Exercise prompt: Below are some entries. Transcribe the lines from the one holding "3. Measure voltage" to the one holding "while boosting efficiency.", inclusive, but not the pictures among them.

Provided records:
==================================================
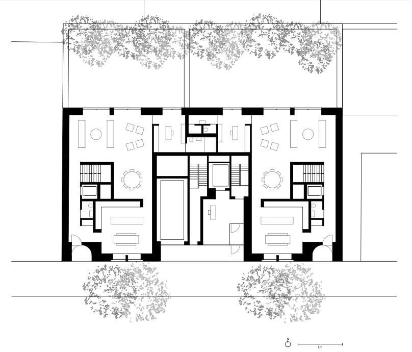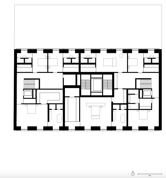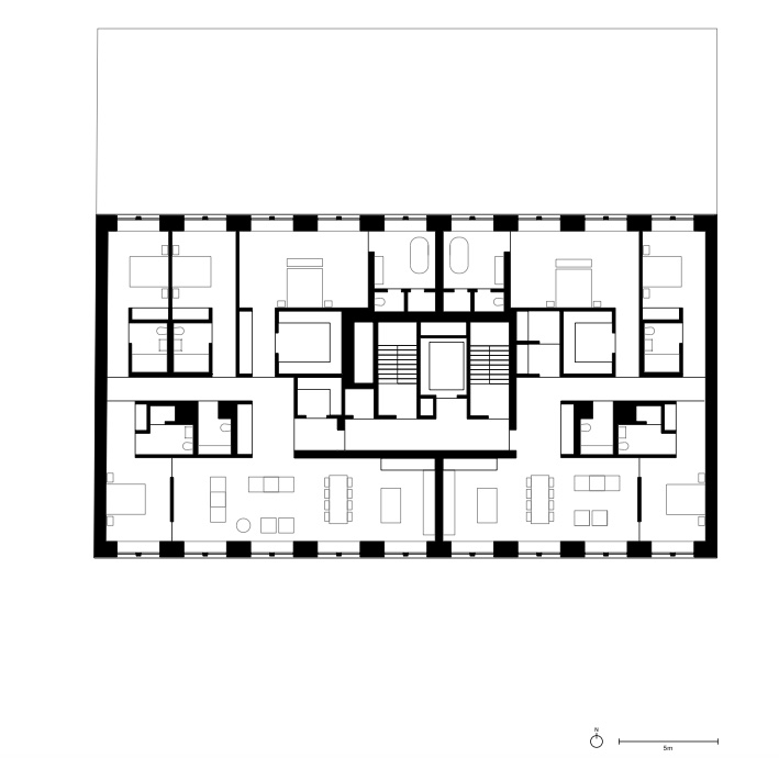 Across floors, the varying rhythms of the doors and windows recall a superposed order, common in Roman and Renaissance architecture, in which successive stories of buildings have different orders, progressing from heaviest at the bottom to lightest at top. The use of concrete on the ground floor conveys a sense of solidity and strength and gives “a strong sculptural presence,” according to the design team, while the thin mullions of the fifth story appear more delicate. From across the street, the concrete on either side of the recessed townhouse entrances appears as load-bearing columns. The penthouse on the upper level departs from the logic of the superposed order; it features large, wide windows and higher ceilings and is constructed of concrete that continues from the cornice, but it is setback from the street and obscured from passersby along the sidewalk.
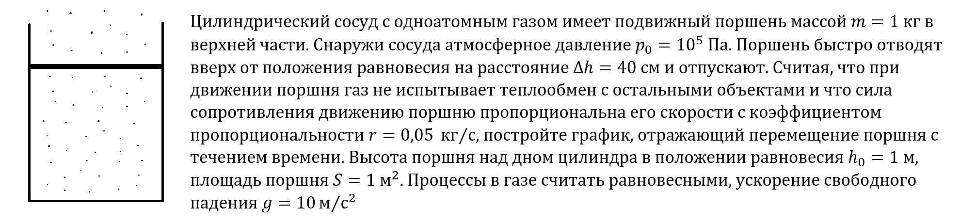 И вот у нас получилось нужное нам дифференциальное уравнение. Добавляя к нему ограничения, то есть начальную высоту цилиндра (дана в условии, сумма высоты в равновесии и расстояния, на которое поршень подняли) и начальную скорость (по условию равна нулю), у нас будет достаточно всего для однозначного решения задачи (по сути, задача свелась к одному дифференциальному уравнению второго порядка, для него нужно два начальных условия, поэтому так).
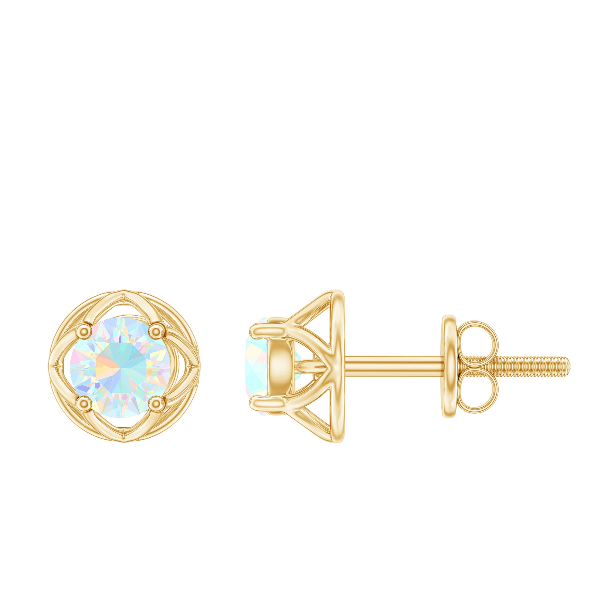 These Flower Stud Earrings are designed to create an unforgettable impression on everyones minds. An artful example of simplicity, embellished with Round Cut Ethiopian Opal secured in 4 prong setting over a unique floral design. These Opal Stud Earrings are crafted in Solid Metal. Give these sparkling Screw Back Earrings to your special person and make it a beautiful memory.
==================================================
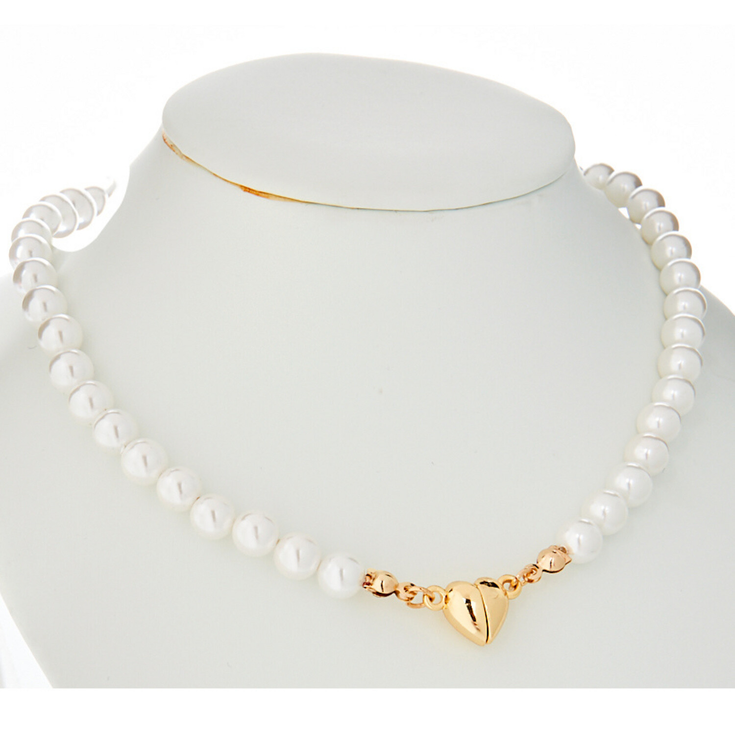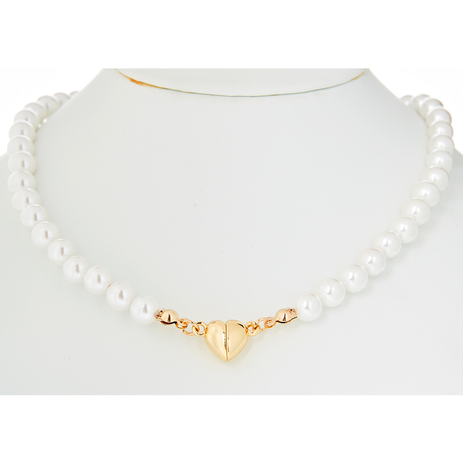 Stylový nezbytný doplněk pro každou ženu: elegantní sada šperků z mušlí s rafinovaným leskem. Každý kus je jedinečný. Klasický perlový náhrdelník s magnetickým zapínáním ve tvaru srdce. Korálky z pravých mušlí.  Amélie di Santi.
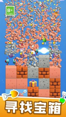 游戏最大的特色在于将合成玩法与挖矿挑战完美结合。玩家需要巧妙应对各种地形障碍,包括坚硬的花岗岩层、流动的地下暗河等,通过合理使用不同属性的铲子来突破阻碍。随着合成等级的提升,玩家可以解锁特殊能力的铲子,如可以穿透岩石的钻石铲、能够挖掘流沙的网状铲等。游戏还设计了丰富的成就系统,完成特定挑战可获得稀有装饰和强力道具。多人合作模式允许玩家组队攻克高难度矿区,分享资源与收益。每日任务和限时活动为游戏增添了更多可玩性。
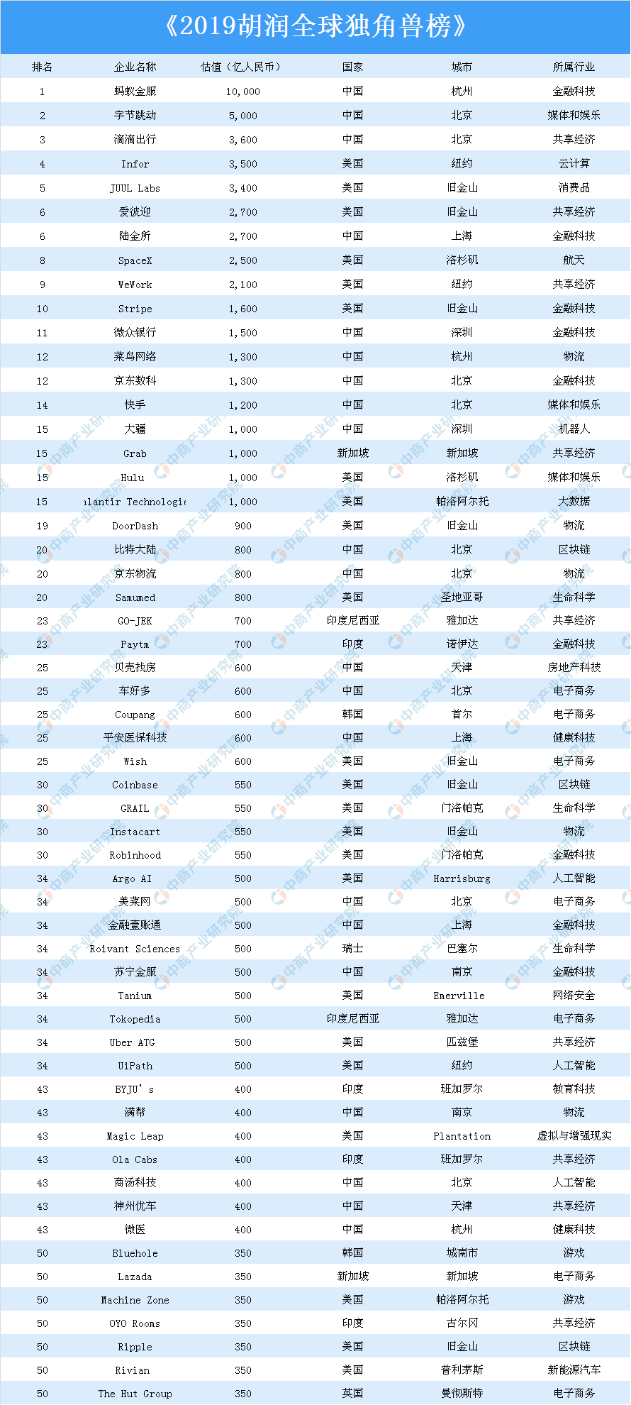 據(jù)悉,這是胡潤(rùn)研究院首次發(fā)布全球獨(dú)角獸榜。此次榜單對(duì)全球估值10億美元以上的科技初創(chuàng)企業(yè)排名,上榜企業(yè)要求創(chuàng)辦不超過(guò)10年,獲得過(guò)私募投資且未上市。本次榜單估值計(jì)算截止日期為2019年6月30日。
==================================================
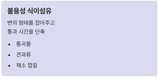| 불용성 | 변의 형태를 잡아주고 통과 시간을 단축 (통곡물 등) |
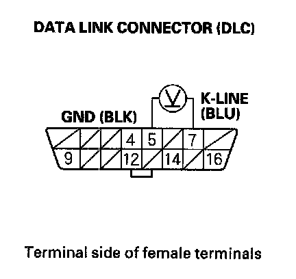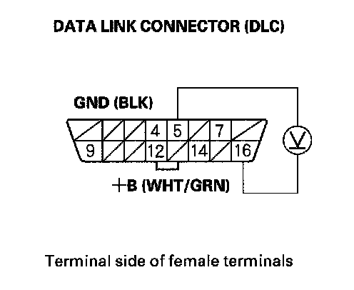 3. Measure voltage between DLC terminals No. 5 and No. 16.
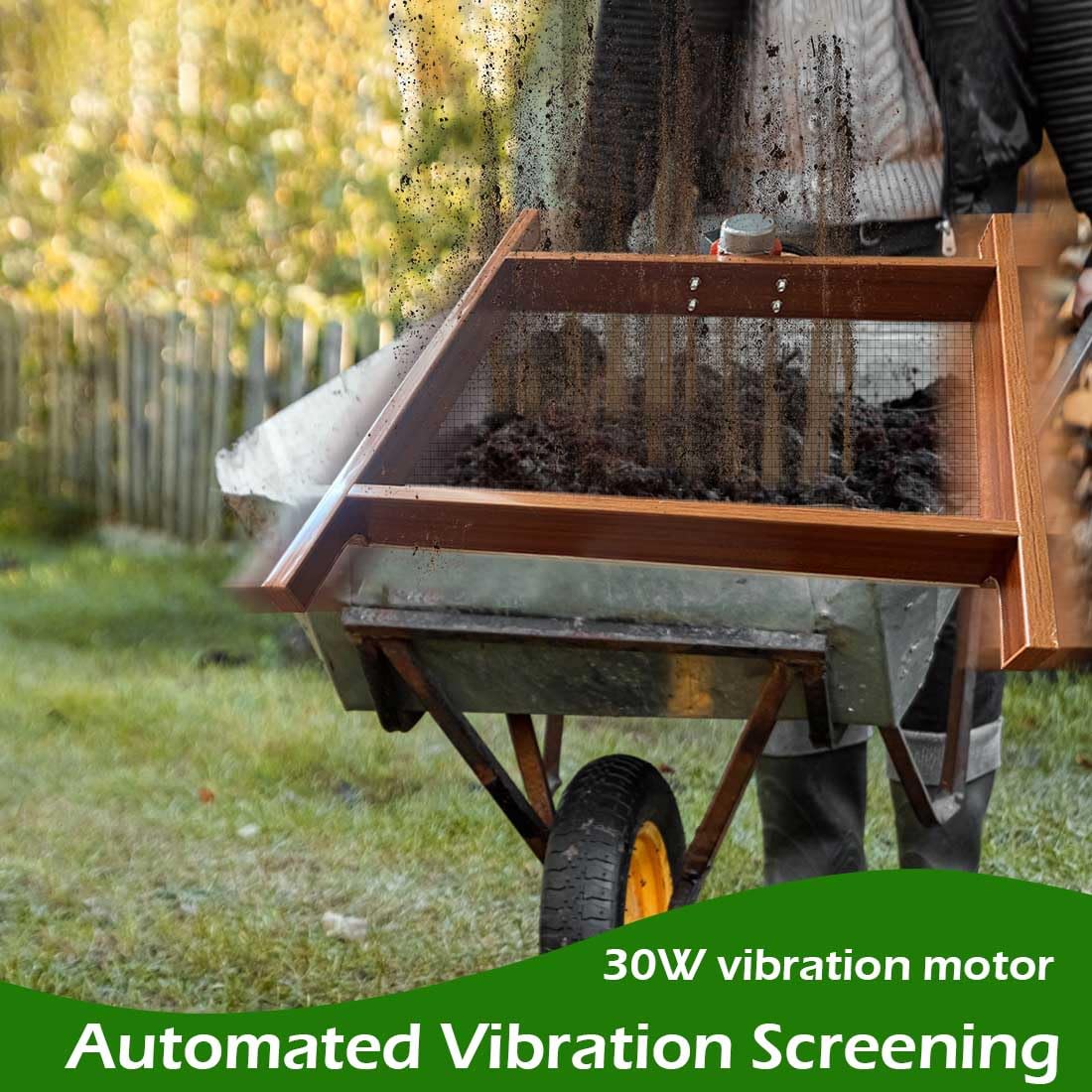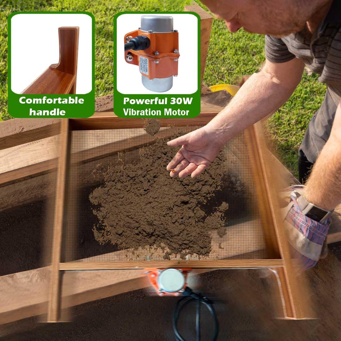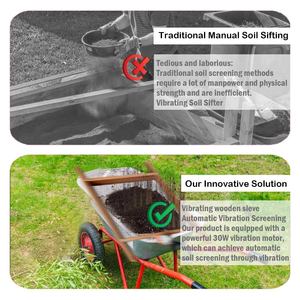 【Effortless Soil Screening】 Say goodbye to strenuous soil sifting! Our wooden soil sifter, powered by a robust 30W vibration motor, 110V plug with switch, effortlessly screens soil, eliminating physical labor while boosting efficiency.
==================================================
Problem solution:
 3. Measure voltage between DLC terminals No. 5 and No. 16.
 【Effortless Soil Screening】 Say goodbye to strenuous soil sifting! Our wooden soil sifter, powered by a robust 30W vibration motor, 110V plug with switch, effortlessly screens soil, eliminating physical labor while boosting efficiency.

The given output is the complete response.